Tomato and Balsamic Sausages with Cauliflower and Green Pea ZENB Veggie Mash


PREP TIME 10 minutes

COOK TIME 25 minutes

TOTAL TIME 35 minutes

Put sausage and mash back on the menu and level up with this delicious, and may we add nutritious, sausage and mash recipe. Combine the sweet flavours of roasted tomatoes and balsamic vinegar with our high protein, whole veg ZENB mash. We went for our light and creamy ZENB Cauliflower and Green pea mash, but it would also work perfectly with our Carrot and Lentil veggie mash too. Whoever said simple is boring!


  • 2 x 50g pouches ZENB Cauliflower and Green pea veggie mash
  • 240ml milk of your choice
  • 2tbsp olive oil
  • 8 vegetarian sausages (we used Quorn)
  • 350g cherry tomatoes, halved
  • 1 large red onion, sliced into wedges
  • 3 tbsp balsamic vinegar
  • 25g flat leaf parsley, roughly chopped



Place the milk in a small saucepan and add the pouch contents and whisk well. Bring to the boil stirring regularly for 30 seconds until thickened. Remove from the heat.
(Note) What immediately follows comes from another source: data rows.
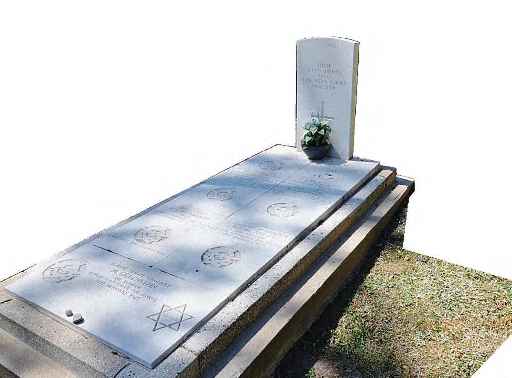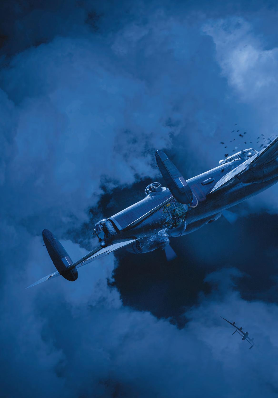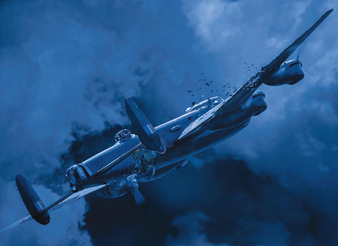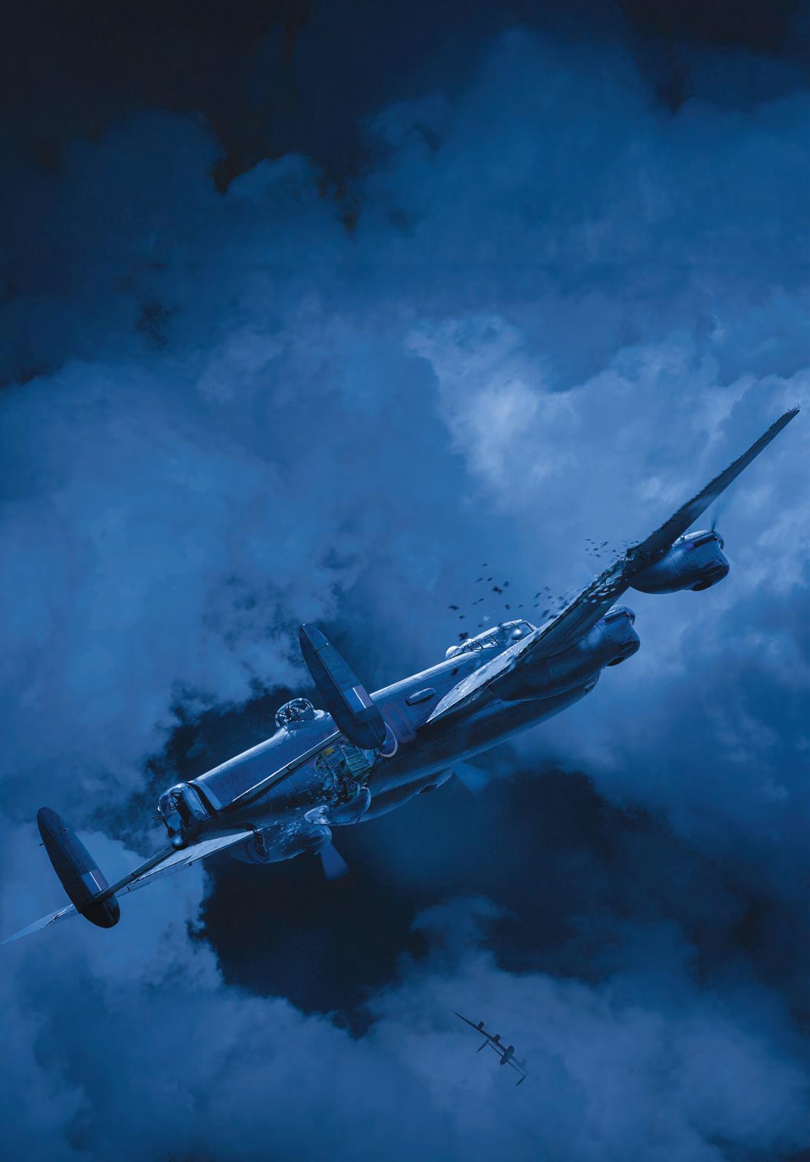 Lancaster NN766 plummets to the ground after a mid-air collision with Lancaster ND968 during an early January 1945 bombing run.
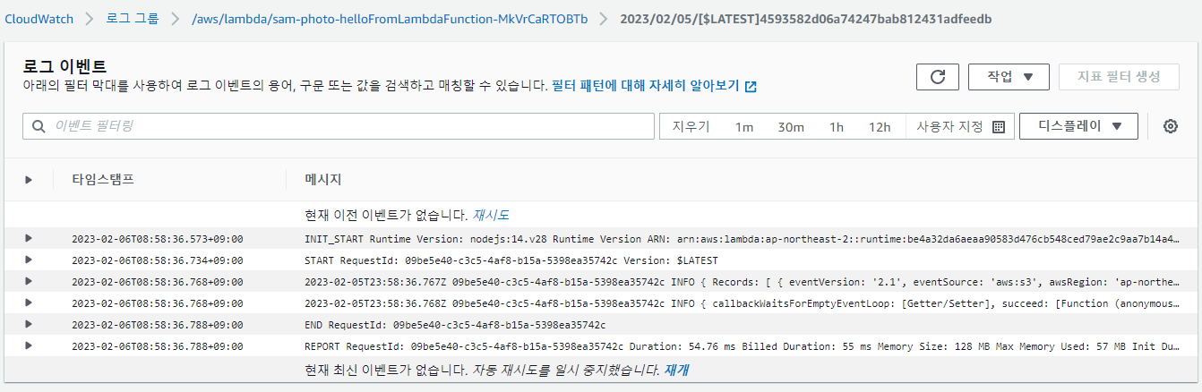 이제 해당 버킷에 jpeg 이미지를 하나 올리면, 람다 함수가 실행됩니다.
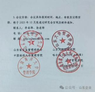 山东省企业管理研究会拟定于2026年1月在威海召开“面向‘十五五’的企业管理创新与高质量发展”学术研讨会暨山东省企业管理研究会2025年年会。本次会议由山东省科协指导,山东省企业管理研究会、山东大学管理学院、中国海洋大学管理学院、哈尔滨工业大学(威海)经济管理学院联合主办。会议将以大会主旨报告、分论坛研讨及专题交流等形式开展,旨在汇聚政产学研用各方智慧,共同探讨“十五五”时期山东企业管理的创新路径与高质量发展对策。
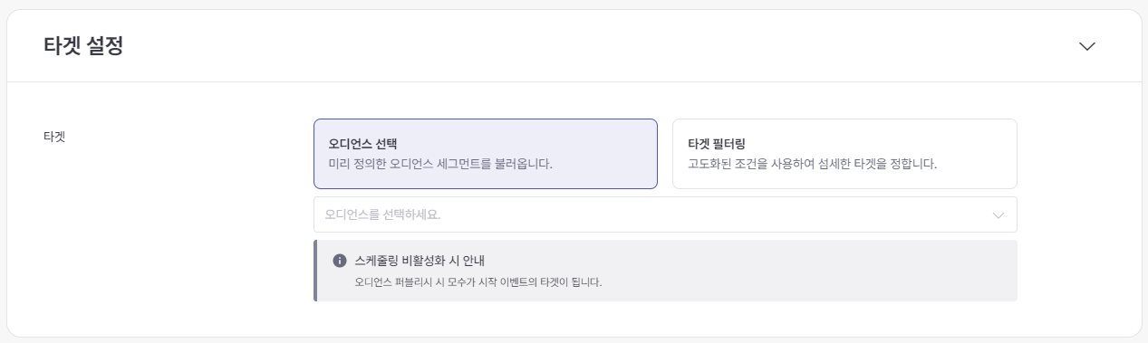 Set your target by selecting an audience or using the target filtering feature.

Preheat the oven to 200C/fan 180C/gas 6. Place either an ovenproof roasting tin or frying pan on the hob and pour in the oil. Add the sausages and cook for just a few minutes until browned all over. Remove from the heat.


Stir the halved cherry tomatoes into the pan or tin with the sausages and add the red onion and balsamic vinegar, a good pinch of salt and ground black pepper and mix everything together well. 


Place in the oven and roast for 25- 30 minutes until the tomatoes and onions have softened and are jammy and you have a lovely sticky sauce. Sprinkle over most of the flat leaf parsley saving some for serving.


Divide the mash between serving bowls and then top with the sausages and spoon over the tomatoes and onions and the pan juices. Sprinkle with extra parsley to serve.

Tasty Tips

This recipe will work with meat sausages as well.